Today I found it.....exactly where I knew it was supposed to be...........exactly where Lynn and I had been fruitlessly searching on Thursday. It was the way it was meant to be.......I hugged that suit.......I could feel Mick in my arms......I cried a lot.......it was what I needed to do.......it was what I wouldn't have allowed myself to do if I hadn't been on my own.
Thanks Darling...{{{HUGS}}}
11 visitors have commented:
Thats a lovely photo of mick, and just the way i remember him. mick has made sure that everything that has happened lately is the way he and you would of wanted it too. he's there with you, i know that for sure mum!! i love you so much and im sending the biggest hug i can. love you...leanne xxxx
What a lovely photo of Mick this is Ruth, just beautiful.
Now words from me just know I am thinking of you and sending all my love and {{{BIG CUDDLES}}} xxxx
you must absolutely allow yourself to cry my darling, even if you're not alone, to cry and be angry as much as you wish,...you need it, it's a normal reaction...come in our arms sweetheart, we are near you...i'm glad you found the suit, Mick will be very beautiful in it...
I love you all
Mousie
Dear Ruth, Mick looks so debonair in his suit!

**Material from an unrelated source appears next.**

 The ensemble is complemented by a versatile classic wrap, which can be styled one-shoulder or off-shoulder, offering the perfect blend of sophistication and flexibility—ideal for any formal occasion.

I hope you can feel all the virtual hugs we are sending you xxxx
What a lovely photo Ruth, Mick looks so handsome. Your post so moving and touching, its good that you feel Mick with you at these times Ruth.
Sending you all my love and [[HUGS]]xxxxxxxxAuds
Thinking of you x
Ruth I remember taking mum's clothes out of the wardrobe and being overwhelmed by her perfume still lingering! i was overtaken by grief!

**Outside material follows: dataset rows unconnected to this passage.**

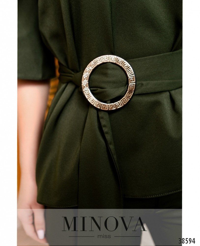 Строгий лёгкий костюм с брюками и блузой. Блуза с V-образным вырезом горловины, рукава немного расклешены, без манжет, застёжек и карманов нет. Брюки с высокой талией, с наглаженными «стрелками», застёгиваются на пуговицу и молнию под ширинкой, в пояс сзади вшита резинка, по бокам - карманы. В комплекте – пояс в тон с круглой пряжкой.
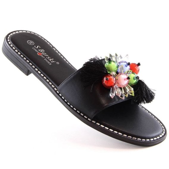 Klapki komfortowe S.Barski KV W OLI216A czarne z koralikami
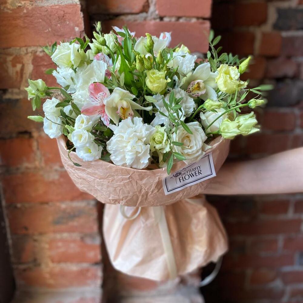 Букет из эустомы, гвоздики, цимбидиума, роз и альстромерии в дизайнерской упаковке “Белая сакура”

I expected her to be there, yet she wasn't and yet she was!
Sending you hugs.
Dxxx
See? I told you, he IS around my friend and..well, don't worry if someone listens to you speaking to Mick out loud in the garden, we know you are not getting crazy for there's a new bird flying between the flowers.

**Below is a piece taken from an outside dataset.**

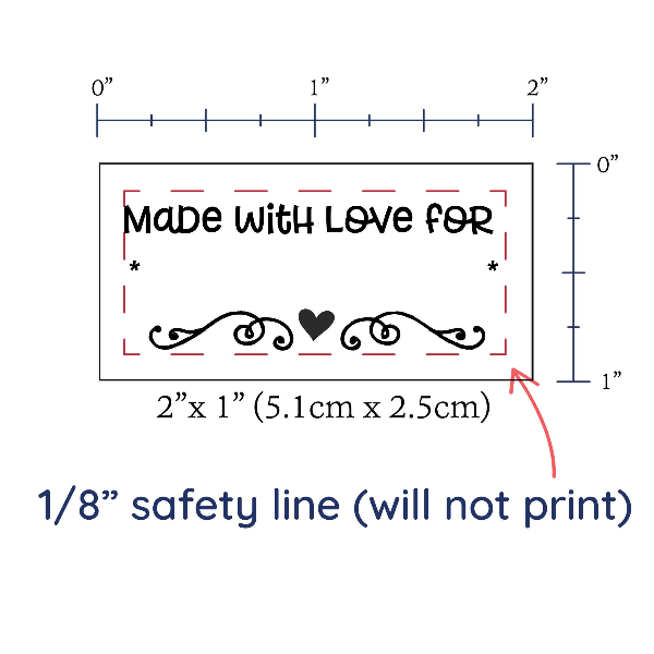 Personalized cotton labels measuring 2”x1”. Available as Flat or Fold Over tags in either sew on or iron on options. See below for full description and to design and preview your custom labels
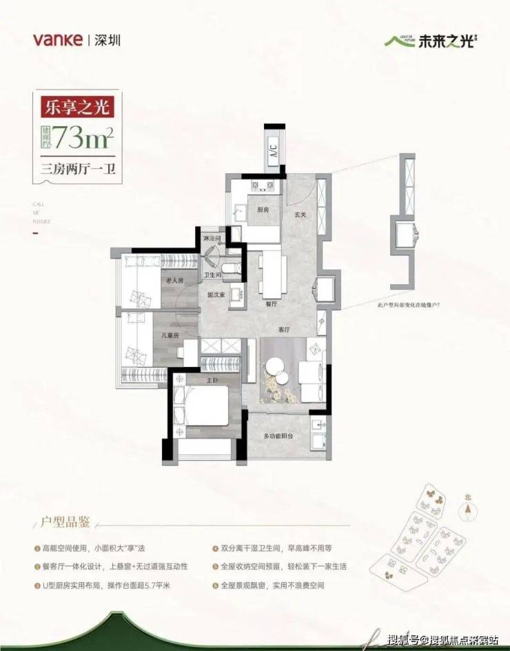 73㎡的3房2厅1卫,设计的是竖厅格局,进门入户玄关,LDKB一体化,S墙设计预留卡槽冰箱位,U型厨房,卫生间三段式分离,得房率79.63%(不含赠送),东北、西南或东南朝向。

Mick looks great in that picture Ruth, I like the suit :)
I send lots of love and hugs for you and the girls. Remember I'm there with you all the time.
xoxoxox
Ani
Mick looks so handsome in his suit. I understand this completely Ruth...and you know... you looked after him when he needed you, and now he will do the same for you..
Sending you big hugs dear lady...
xxx
Thats a fab pic {{{HUGS}}} x x
It really is a great picture, and one I'm sure you treasure. As for the suit, the rest have already said it .... don't hold back the tears for somebody else's sake. It's what you need right now. I'm still crying at the oddest moments, but I try not to stifle the tears.
A very good photo of Mick. {{{Hugs to you}}}.